Excessive iodide and fluoride coexist in the groundwater in many regions, causing a potential risk to the human thyroid. To investigate the mechanism of iodide- and fluoride-induced thyroid cytotoxicity, human thyroid follicular epithelial cells (Nthy-ori 3-1) were treated with different concentrations of potassium iodide (KI), with or without sodium fluoride (NaF). Cell morphology, viability, lactate dehydrogenase (LDH) leakage, apoptosis, and expression of inositol-requiring enzyme 1 (IRE1) pathway-related molecules were assessed. Results showed 50 mM of KI, 1 mM of NaF, and 50 mM of KI +1 mM of NaF changed cellular morphology, decreased viability, and increased LDH leakage and apoptosis. Elevated expression of binding protein (BiP), IRE1, and C/EBP homologous protein (CHOP) mRNA and protein, as well as spliced X-box-binding protein-1 (sXBP-1) mRNA, were observed in the 1 mM NaF and 50 mM KI +1 mM NaF groups. Collectively, excessive iodide and/or fluoride is cytotoxic to the human thyroid. Although these data do not manifest iodide could induce the IRE1 pathway, the cytotoxicity followed by exposure to fluoride alone or in combination with iodide may be related to IRE1 pathway-induced apoptosis.

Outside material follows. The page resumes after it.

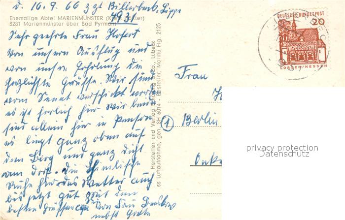 73646912 alte Postkarte Marienmuenster Ehem Abtei Marienmuenster Fliegeraufnahme postalisch gelaufen Erhaltung siehe scans [WerneD78] KatCode: 11110005762024

Furthermore, exposure to the combination of excessive iodide and fluoride may cause interactive effects on thyroid cytotoxicity.

Regulation by human chorionic gonadotropin of sodium/iodide symporter gene expression in the JAr human choriocarcinoma cell line

Sodium/iodide symporter (NIS) gene and protein expressions have been recently described in human cytotrophoblasts, emphasizing its potential function in the active transport of iodide from the mother to the fetus. In this study we analyzed NIS expression and function in the human JAr placental choriocarcinoma cell line. Using real-time quantitative RT-PCR, we first demonstrated that NIS transcripts are expressed at a high level in JAr cells compared with other cell lines, including thyroid cancer cells. Functional analysis clearly showed that Jar cells are able to concentrate iodide in presence of hCG. Iodide accumulation increased after 2-h exposure to 5 IU/ml hCG, to 6-fold over the basal level after 8 h. This effect was reproduced using forskolin, the cAMP analog (Bu)(2)-cAMP, and phorbol acetate. Moreover, hCG increased both NIS mRNA after 2 h and NIS protein levels after 4 h, reaching a maximum after 8 h in both cases. In conclusion, our data demonstrate that 1) NIS is expressed in JAr cells; 2) iodide transport in JAr cells is regulated by hCG and by cAMP-dependent and -independent mechanisms; 3) the stimulation of iodide uptake is due to an increase in both NIS mRNA and protein levels; and 4) JAr cells may represent an excellent in vitro model suitable to analyze the molecular mechanisms involved in iodide transport from mother to fetus.